Brazil’s Democracy Suffers from Corruption

Published originally in The Cipher Brief. in August 16, 2017

Brazil is increasingly becoming a less stable country and has been ranked one of the most worsened countries over the past year by the 2017 Fragile States Index report from the Fund for Peace. The FSI measures a nation’s vulnerabilities based on a series of stability indicators. The Cipher Brief’s Kaitlin Lavinder spoke with Robert Muggah, co-founder of the Igarapé Institute in Rio de Janeiro, Brazil, about the factors behind Brazil’s increased instability, and why the country is still relatively stable compared to its neighbors.

The Cipher Brief: On this year’s Fragile States Index, Brazil is ranked one of the most-worsened countries from 2016 to 2017. Do you agree with this assessment? Why or why not?

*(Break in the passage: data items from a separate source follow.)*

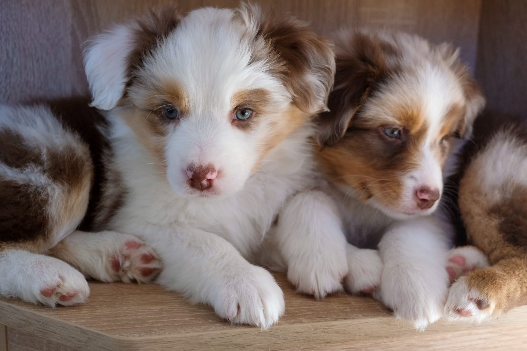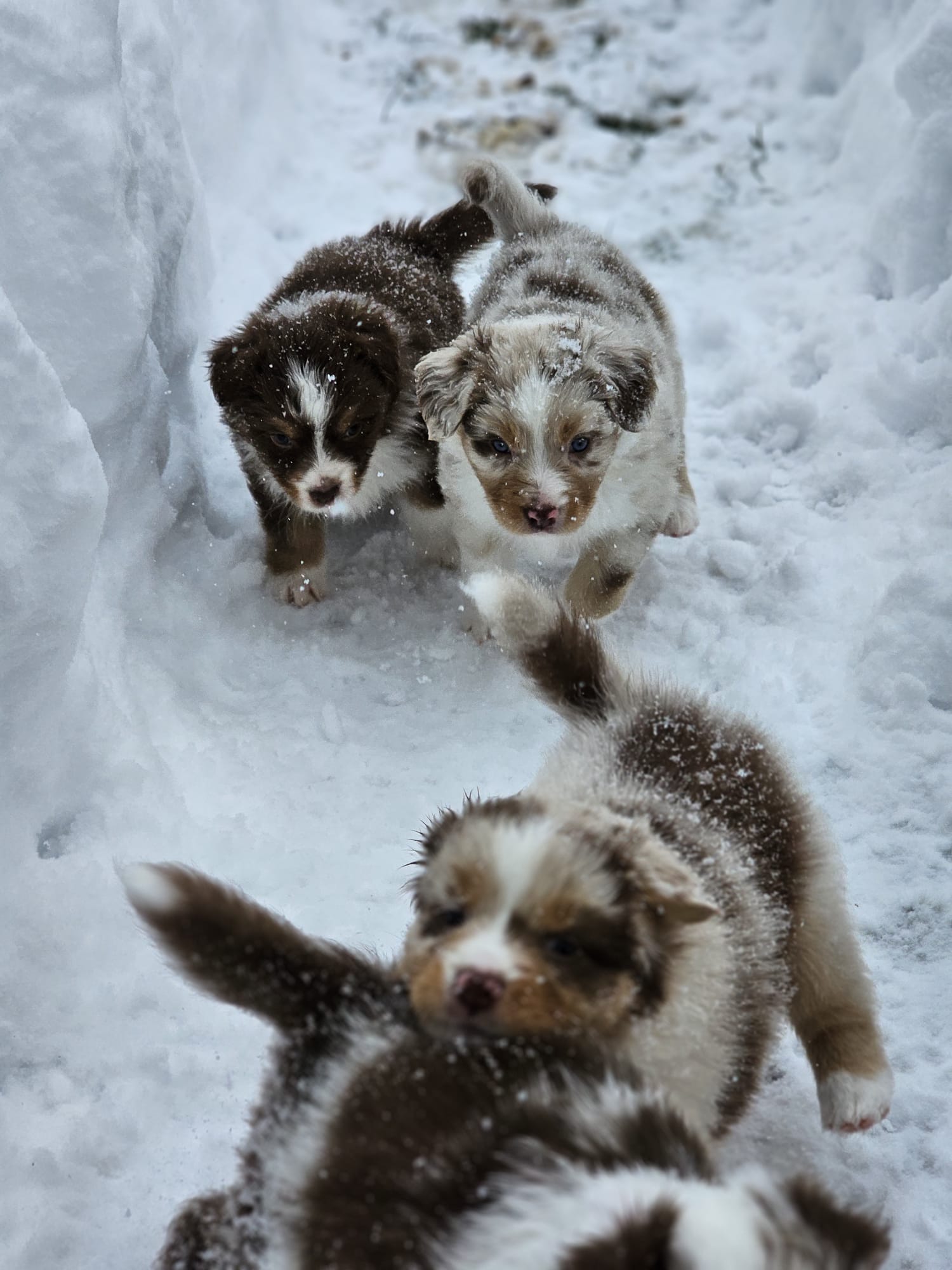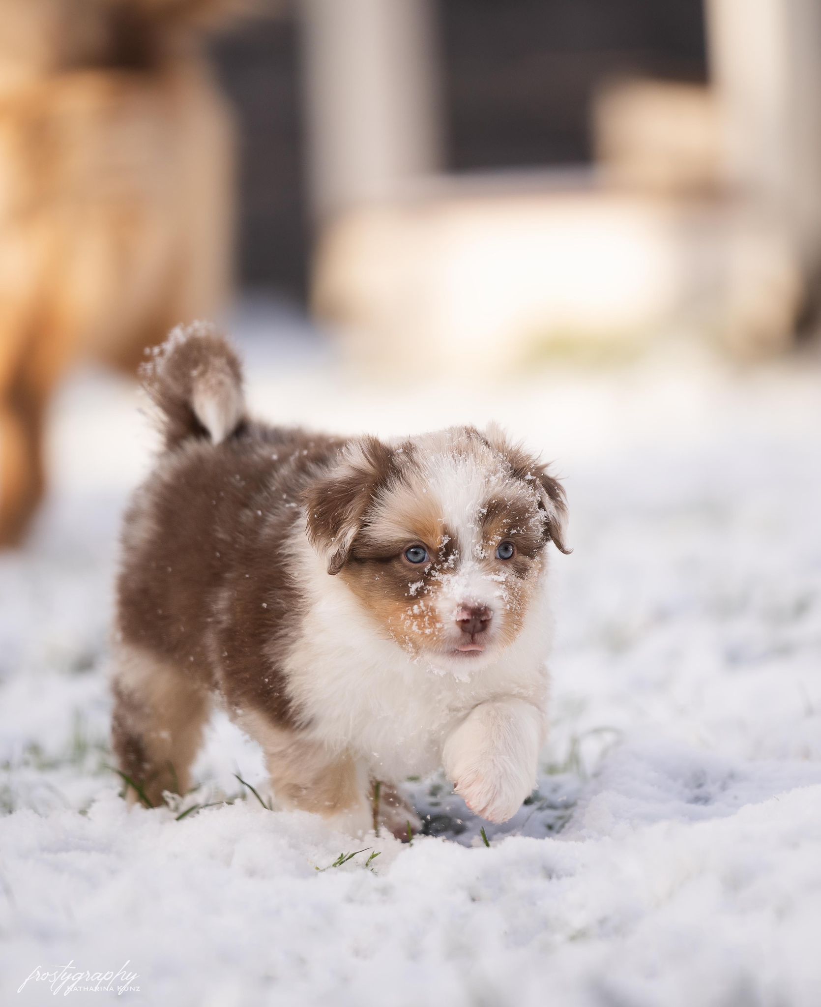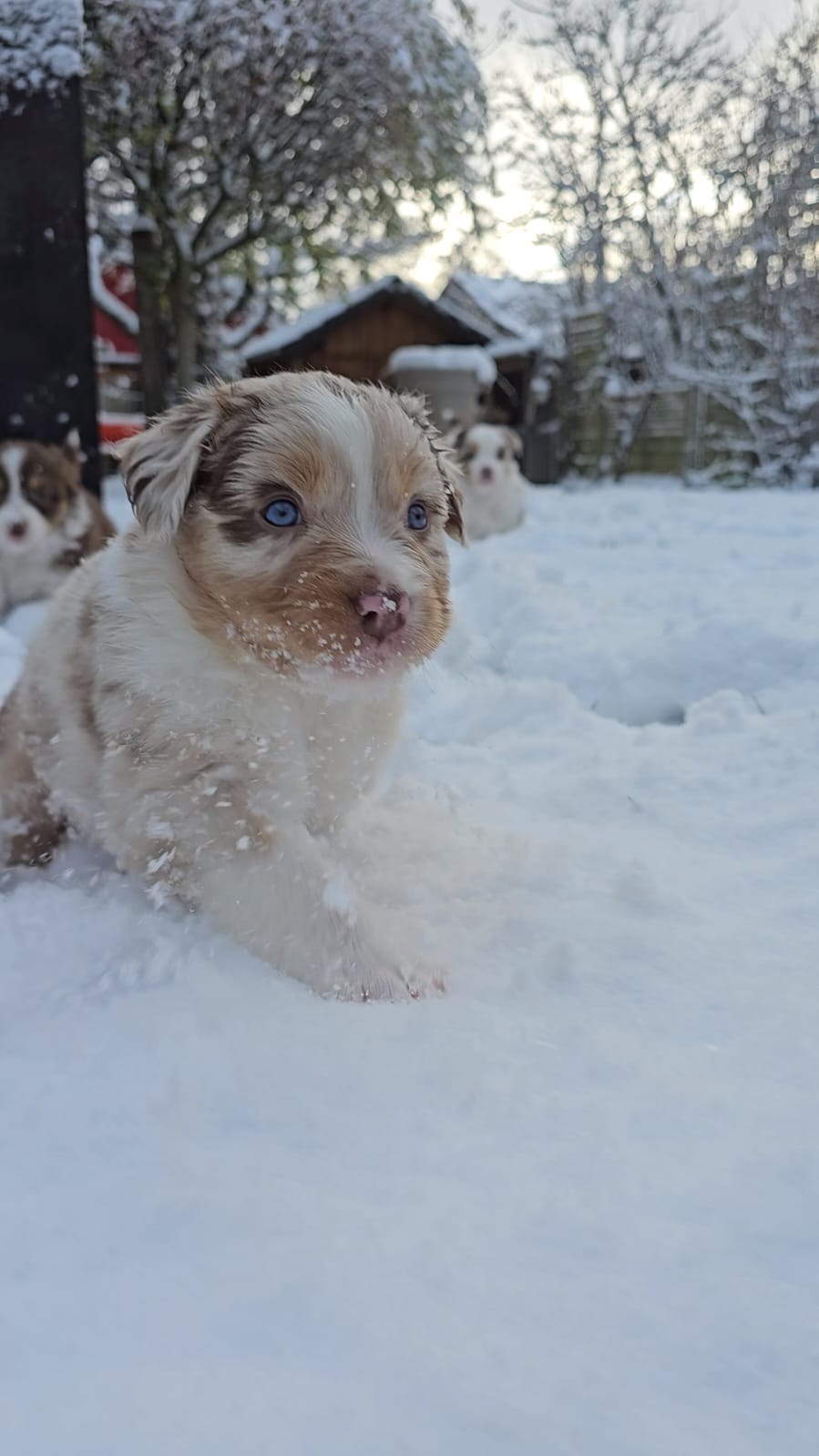 Eine Hündin trägt durchschnittlich 63 Tage. Eine Geburt leitet die Hündin mit der Eröffnungsphase ein. Diese Phase dauert 6-36 Stunden. Unsere Welpen werden im Wohnzimmer geboren und wachsen im engsten Familienanschluss auf. Sie durchlaufen alle vom 3. Tag an bis zum 16. Tag das FNS Programm (Fühzeitige neurologische Stimulation). Das bedeutet, jeder Welpe wird für wenige Sekunden einer kleineren Menge Stress unterzogen, in dem man ihn mit einem Q-Tipp an den Pfoten kitzelt, kurz auf den Rücken dreht, aufrecht und kopfüber hält und am Ende noch auf einen feuchten Waschlappen setzt. Diese Methode wurde von der Armee für die Züchtung von Militärhunden erfunden und danach jahrzehntelang erforscht. Der Körper lernt somit von klein auf, eine dosierten Menge Stress zu verarbeiten. Es steigert die Stresstoleranz. Aber natürlich gewöhnen wir sie auch an alles, was ihnen später ihr Leben als Familienmitglied leichter macht. Dazu gehört zum Beispiel der Staubsauger, Küchengeräte, spielende Kinder, unsere Katze sowie unsere Pferde, das Autofahren, Silvesterfeuerwerk und Autofahren.
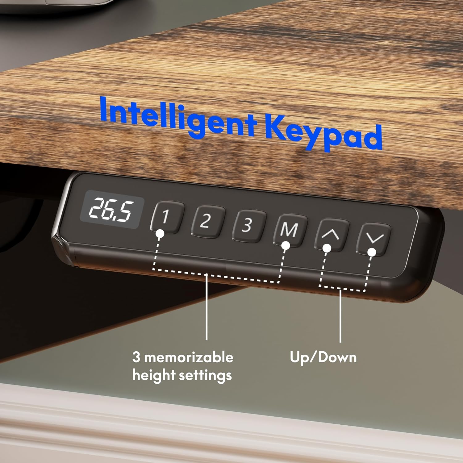 • 【ELECTRIC HEIGHT ADJUSTMENT FOR COMFORT & HEALTH】: Seamlessly switch between sitting and standing positions with the desk's smooth electric lift system from 28.7-47.2”. Adjust the height to your preferred ergonomic setting, promoting better posture and reducing fatigue throughout the day.
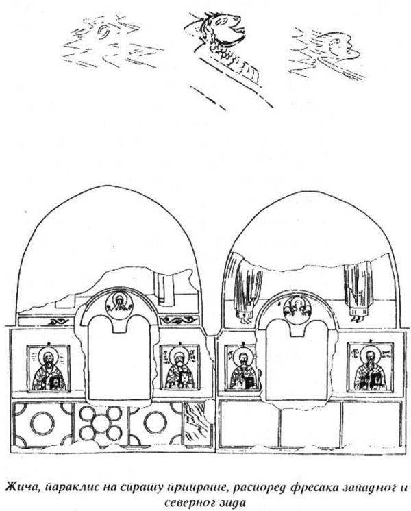 Жича, параклис на страну припрате, распоред фресака западног и северног зида

Robert Muggah: There are several reasons that explain why Brazil has become more fragile over the past year. For one, Brazil’s fragile democracy is under assault. The country is reeling from a series of political and economic crises, including the spread of unprecedented corruption scandals, the impeachment of former president Dilma Rousseff, and three years of recession.

The current president narrowly escaped being charged for corruption, and his popularity is hovering at five percent. Dozens of elected officials have been jailed and public confidence in the country’s democratic institutions has plummeted. Less than 35 percent of Brazilians have faith in democracy, the lowest rating on record. More than 79 percent of Brazilians would like to see a non-politician elected to office.

Brazil has deteriorated across most of the indicators featured by the Fragile States Index. For example, there is a general rise in homicidal violence and a re-organization of criminal governance in the country. As a result, the military has been frequently called in to stabilize cities and re-occupy jails plagued with gang violence. Poverty and unemployment rates have increased across most states, with a growing number of middle and upper class Brazilians opting to leave for Western Europe and North America. Commodity prices are unfavorable for Brazil, and trade has slowed. While the scenario is gloomy, one bright spot has been the commitment and professionalism of the country´s judiciary to pursue corruption in the public and private sectors. But the executive and legislature are doing their best to reduce the influence and potency of the federal police and judiciary-led investigations.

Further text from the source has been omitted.